Task objective — Beginning with the line that holds "Myanmar Myanmar’s flag" and ending with the last line, please repeat the entries exactly and omit the pictures.

::: Data extract :::

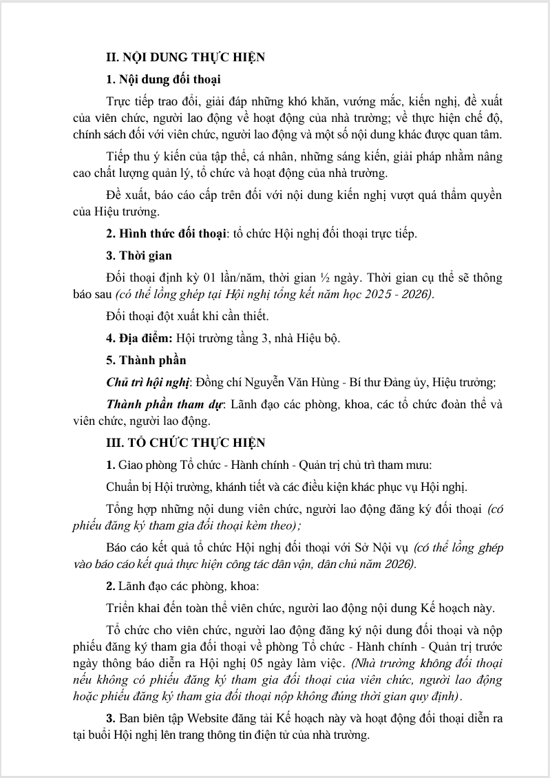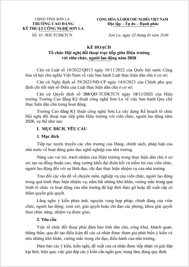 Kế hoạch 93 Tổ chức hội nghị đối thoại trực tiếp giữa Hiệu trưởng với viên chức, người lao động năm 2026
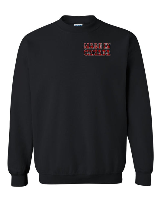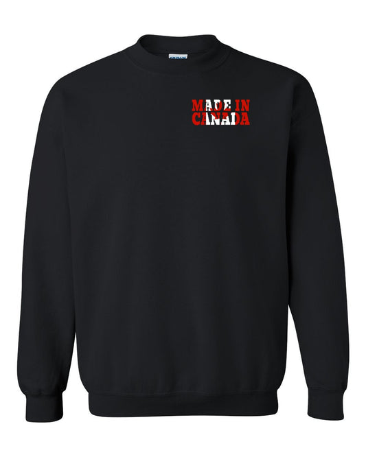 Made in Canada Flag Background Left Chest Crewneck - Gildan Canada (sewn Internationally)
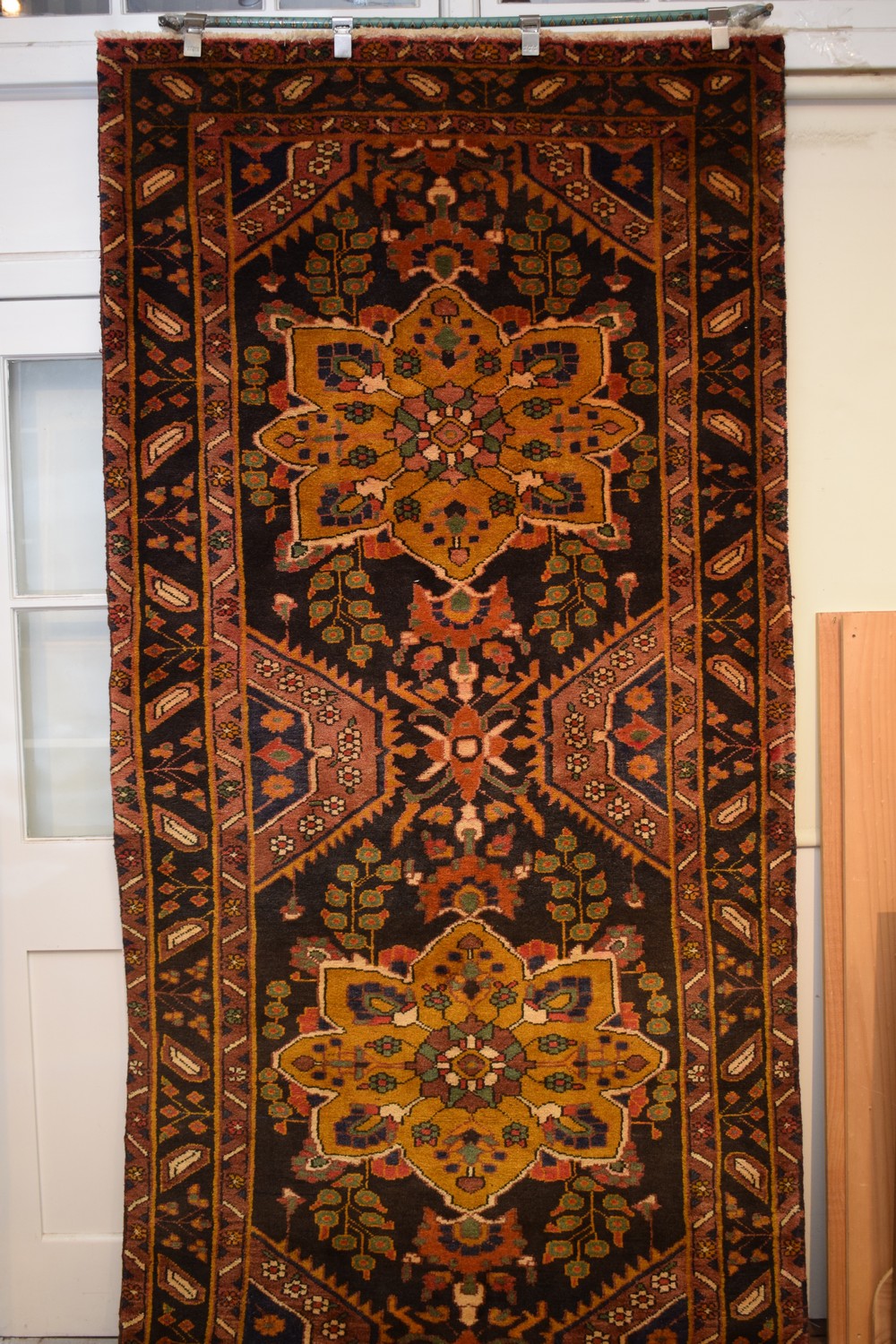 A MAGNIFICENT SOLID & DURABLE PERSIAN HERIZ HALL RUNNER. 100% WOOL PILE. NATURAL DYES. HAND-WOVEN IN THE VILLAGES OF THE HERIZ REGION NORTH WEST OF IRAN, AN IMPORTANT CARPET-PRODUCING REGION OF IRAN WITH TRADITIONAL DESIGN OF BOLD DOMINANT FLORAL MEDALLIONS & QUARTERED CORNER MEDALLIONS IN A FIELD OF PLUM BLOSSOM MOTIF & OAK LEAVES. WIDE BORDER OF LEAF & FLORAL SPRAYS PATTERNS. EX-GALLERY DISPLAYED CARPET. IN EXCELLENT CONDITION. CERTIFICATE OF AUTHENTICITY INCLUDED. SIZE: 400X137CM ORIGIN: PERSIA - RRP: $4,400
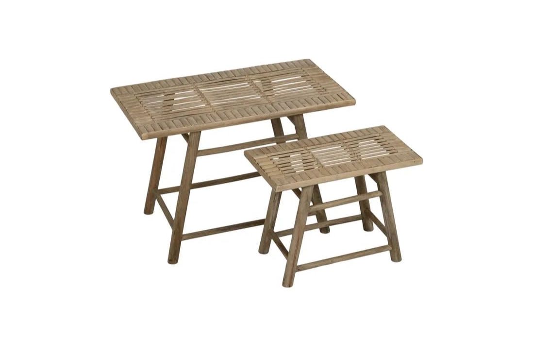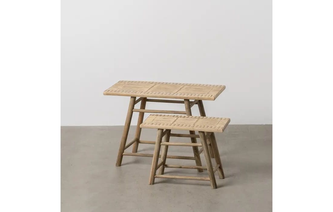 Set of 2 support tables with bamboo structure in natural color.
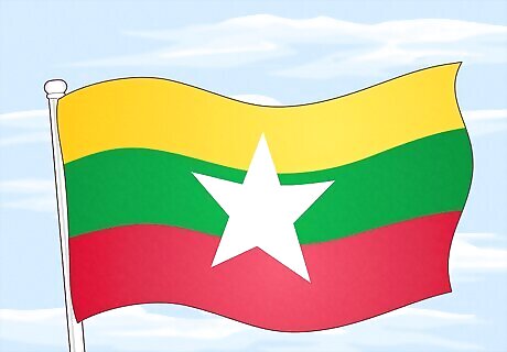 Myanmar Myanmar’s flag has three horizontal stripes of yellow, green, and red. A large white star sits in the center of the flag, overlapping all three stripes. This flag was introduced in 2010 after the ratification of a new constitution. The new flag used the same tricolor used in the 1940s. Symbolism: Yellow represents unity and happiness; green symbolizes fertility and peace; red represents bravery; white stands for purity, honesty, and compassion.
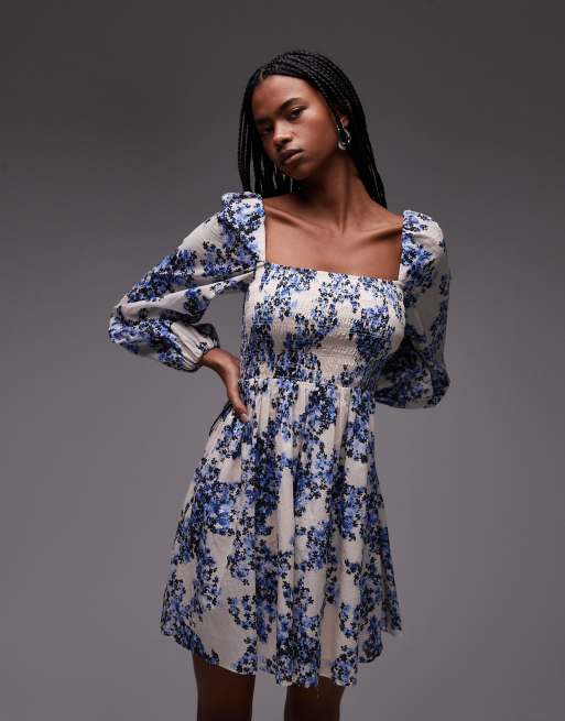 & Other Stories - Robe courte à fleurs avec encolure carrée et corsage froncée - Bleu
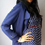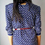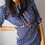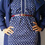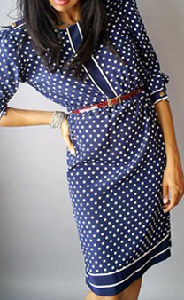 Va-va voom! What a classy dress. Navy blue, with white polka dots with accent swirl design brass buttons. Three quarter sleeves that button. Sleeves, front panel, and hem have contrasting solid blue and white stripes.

:::

Task response —
 Myanmar Myanmar’s flag has three horizontal stripes of yellow, green, and red. A large white star sits in the center of the flag, overlapping all three stripes. This flag was introduced in 2010 after the ratification of a new constitution. The new flag used the same tricolor used in the 1940s. Symbolism: Yellow represents unity and happiness; green symbolizes fertility and peace; red represents bravery; white stands for purity, honesty, and compassion.
 & Other Stories - Robe courte à fleurs avec encolure carrée et corsage froncée - Bleu
 Va-va voom! What a classy dress. Navy blue, with white polka dots with accent swirl design brass buttons. Three quarter sleeves that button. Sleeves, front panel, and hem have contrasting solid blue and white stripes.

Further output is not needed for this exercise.